From being a colouring agent in the South-East, to being a crucial fragrance in Lucknawi and Bengali Mughlai cuisine, the Screwpine tree, better known as Pandan in South-East Asia, has been an integral part of various Asian countries’ cuisines – and the flower produces the popular Kewra Jal in India.
Years back, Masterchef Australia introduced me to Pandan leaves. After that, in my travels through South-East Asian cities, I realised that the Pandan is the backbone of the region’s extremely limited dessert menu. Along with being a natural dye that turns anything a quirky green, the Pandan is also sweet-smelling, milky, creamy, and floral. The fragrance of Pandan is one of the most dominant ones, along with mango, in the region. In the latest season of Masterchef, I watched Poh Ling Yeow rustle up the most amazingly delicate Malaysian and Indonesian lace crepes with Pandan juice, making them a light neon green, stuffed with a shredded duck Rendang, I decided that I must explore Pandan more.
Cut to two weeks back. I had cooked a few Biryanis and a lavish Chicken Chaanp in the same week, and was engaged in a lengthy conversation with my uncle about the irreplaceability of Kewra Jal. Kewra Jal or essence is a common fragrance used extensively in Awadhi and Lucknawi and Bengali Mughlai dishes. It comes in slim, long-necked bottles, is a colourless and tasteless liquid, has a fragrance that has hints of rose, but also warm cream, a springtime orchard, and deep, ancient notes of forests. It can be very difficult to describe the fragrance of Kewra Jal, but its absence can be startingly salient. Although the Bengali Biryani or the Chaanp requires other olfactory heavyweights like saffron, meetha ittar, rose water, and ghee, and comprises of strong spices like cinnamon, cardamom, and clove, the Kewra Jal binds them altogether, balancing all of them out. I have had enough Biryani without it to know how indispensable it is.
That conversation suddenly made me want to research on the Kewra Jal one afternoon. Where does it come from? That is when I came to know about the Screwpine or Pandanus tree. It grows around southern Asia. Kewra Jal is produced from distilling the essence of the Screwpine flowers. I wonder what Kewra ittar would be like. Then, like tumbling upon a long lost relative, I connected the dots between the Kewra Jal and the Pandan – both from the same tree, but one used in Mughlai cuisine while the other in south-east Asian fares. To find relationships like this, where cultures are brought together by ingredients and techniques, is how we can slow walk back to this planet’s shared history, sans walls and boundaries.

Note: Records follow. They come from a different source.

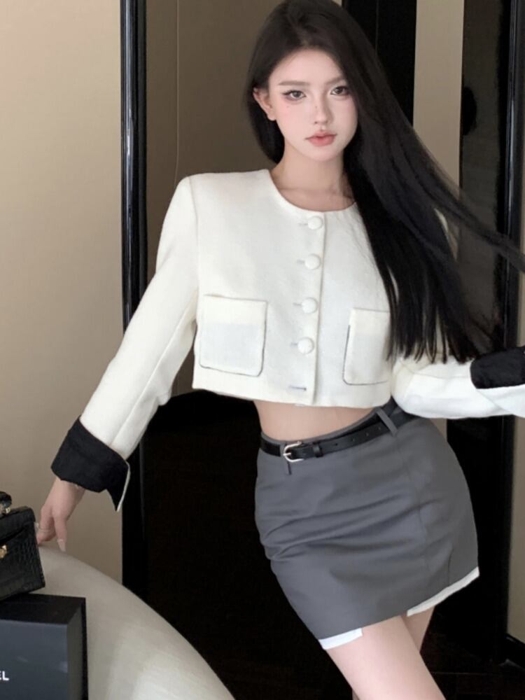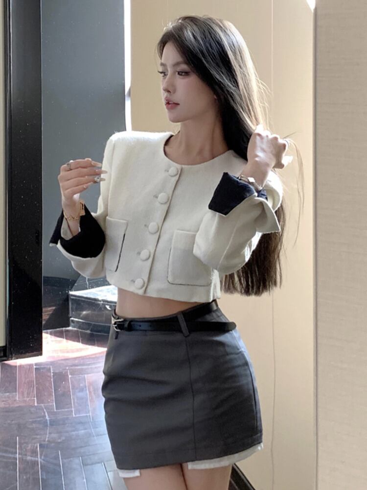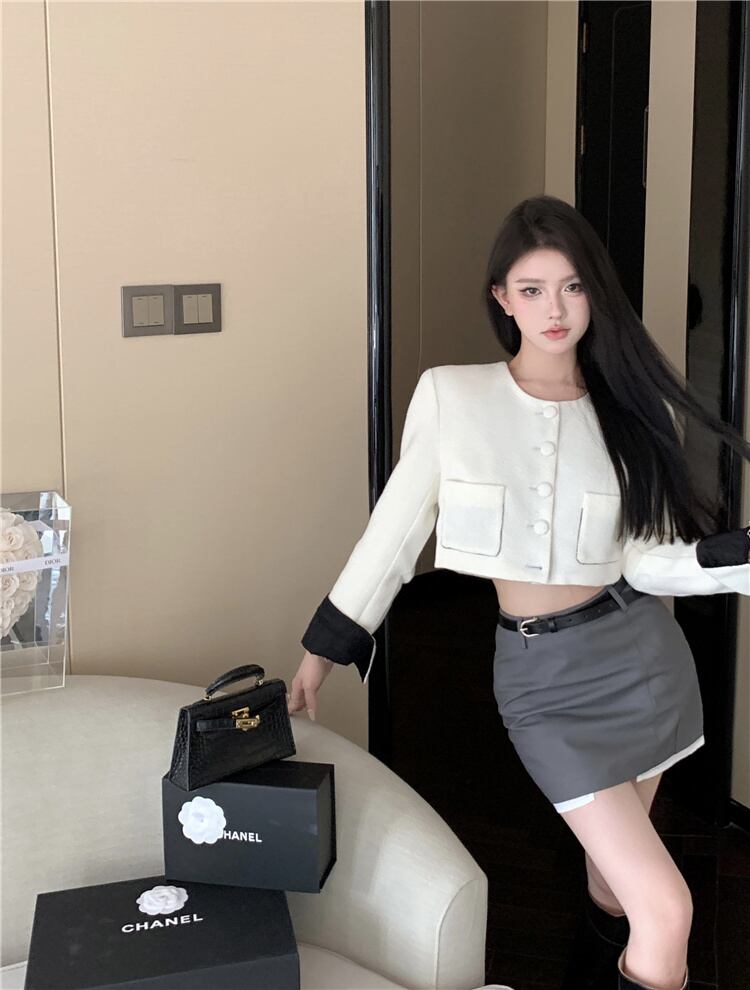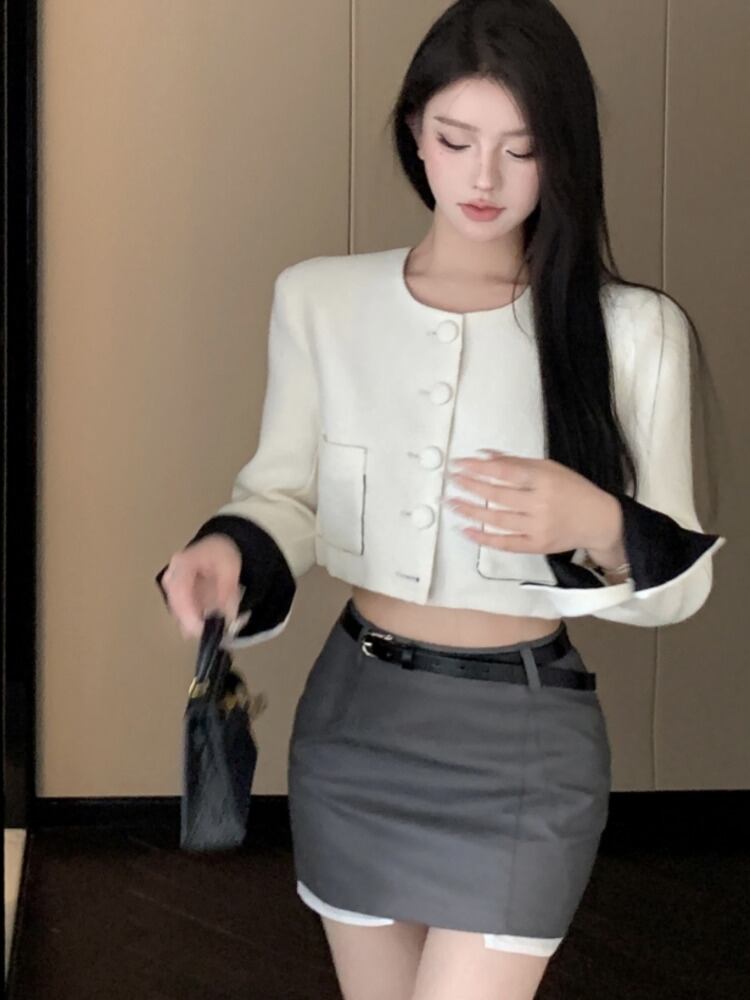 秋冬フレンチスモールフレグランス2点セット衣装ショートジャケットコート+ボディコンスカートツーピーススーツ オータム 秋物 ウィンター 冬物
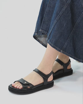 Flat woman's sandals. Black Napa Leather. Velcro Closure. Leather lining. Anatomical insole. Flexible and durable Polyurethane sole. Heel height: 4.5 cm. 100% Made in Spain.
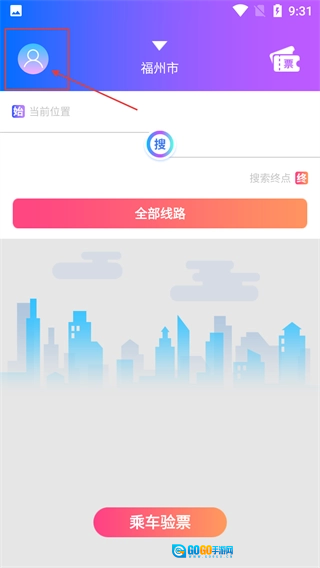 进入界面后,顶部会显示【福州市】,左上角的头像按钮支持点击操作,下方还设有【当前位置】和【全部线路】等功能板块。
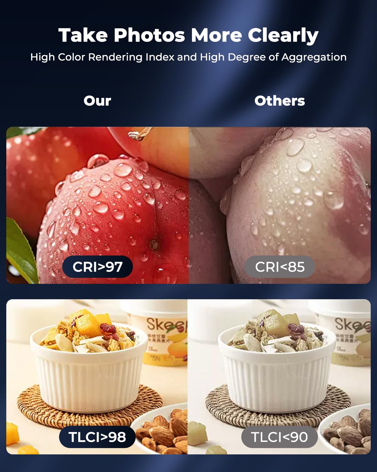Q: What makes the MUNBYN Light Box different from other photography tents?A: The MUNBYN Light Box stands out with its high CRI of 97+, ensuring accurate color reproduction, along with its user-friendly design that includes a sliding cover for easy access and six interchangeable backgrounds.
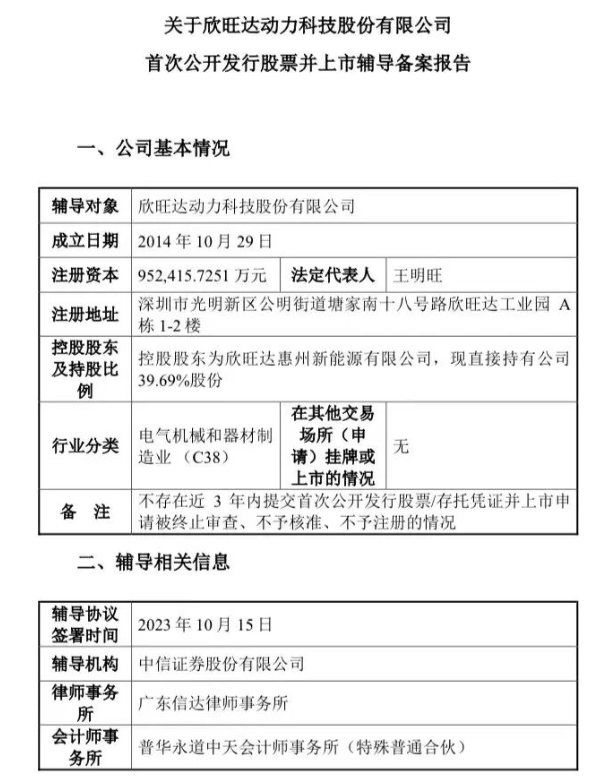 10月17日,中国证监会网站披露,欣旺达动力于10月16日在深圳证监局进行上市辅导备案。备案报告显示,欣旺达动力于今年10月15日签署上市辅导协议,辅导机构为中信证券。
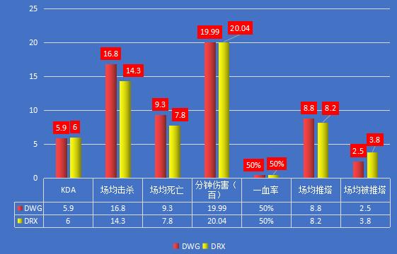 DWG的场均击杀数为16.8次,高于DRX的场均14.3次;在场均死亡数上,DWG也是以场均9.3次,高于DRX的场均7.8次;KDA上,DWG则是以场均5.9稍稍落后于DRX的场均6。
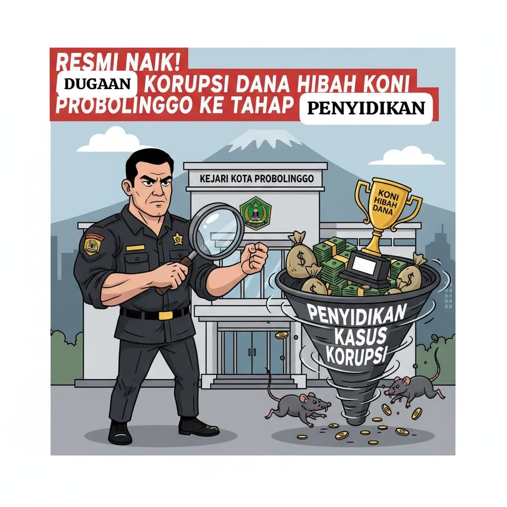 PROBOLINGGO, kabarbromo66.com – Kasus dugaan penyelewengan dana hibah Komite Olahraga Nasional Indonesia (KONI) Kota Probolinggo kini memasuki babak baru. Setelah melakukan pemeriksaan intensif terhadap sejumlah pihak dan dokumen keuangan, Kejaksaan Negeri (Kejari) Kota Probolinggo resmi meningkatkan status perkara tersebut dari penyelidikan ke penyidikan.
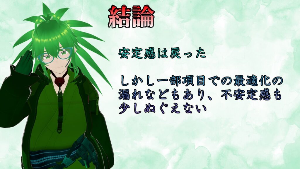まず今回のバージョンの先出しの結論としてはこんな感じです。
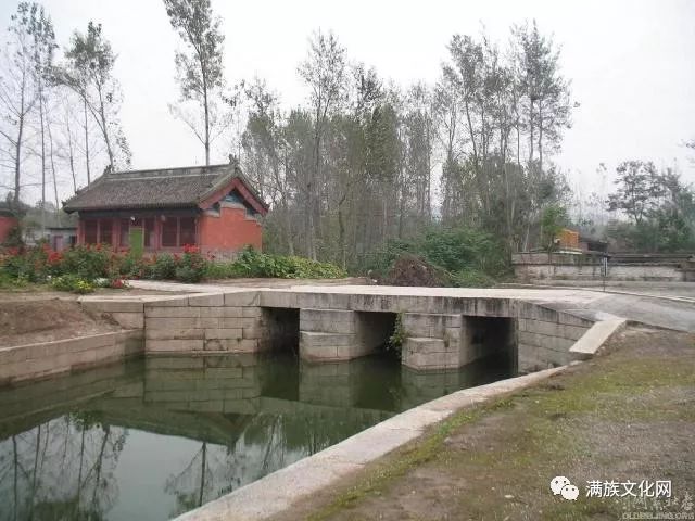 端亲王园寝坐北朝南,园寝前有一道马槽沟,豆渣石泊岸,正中三孔平桥一座。

In the north of India, Pandan leaves are referred to as Annapurna leaves, as the fragrant leaves are used to perfume kheer and pulaos. The Goddess Annapurna, a harvest deity, is believed to be a chef extraordinaire, have a bottomless cauldron, and cook the most fragrant of dishes. I am guessing that quality of hers renders the tree its name. It will also be interesting to note that, in northern India, the only fragrant rice varietal is the Basmati, and hence, kheers and pulaos that cannot be made with the Basmati, will evidently need some support. The East has a spread of sun-baked fragrant rice varieties, most importantly the Gobindobhog and Lokkhibhog, which are used for pulaos, khichdis, and kheers. In some parts of West Bengal and Odisha, for added support, Annapurna leaves are used in kheers and hence, are called Payesh Paata (Kheer leaves). Further research brought up that in Bangladesh, these leaves are called Polao Paata (Pulav leaves). The whole leaves are added to pulaos and biryanis, and removed before serving. A similar usage of whole leaf as an ingredient is the Bay leaf (Tej patta) and curry leaves, although both are used more as spices in Indian cooking. Unlike the Bay leaf, Annapurna leaves are used fresh, and not dehydrated.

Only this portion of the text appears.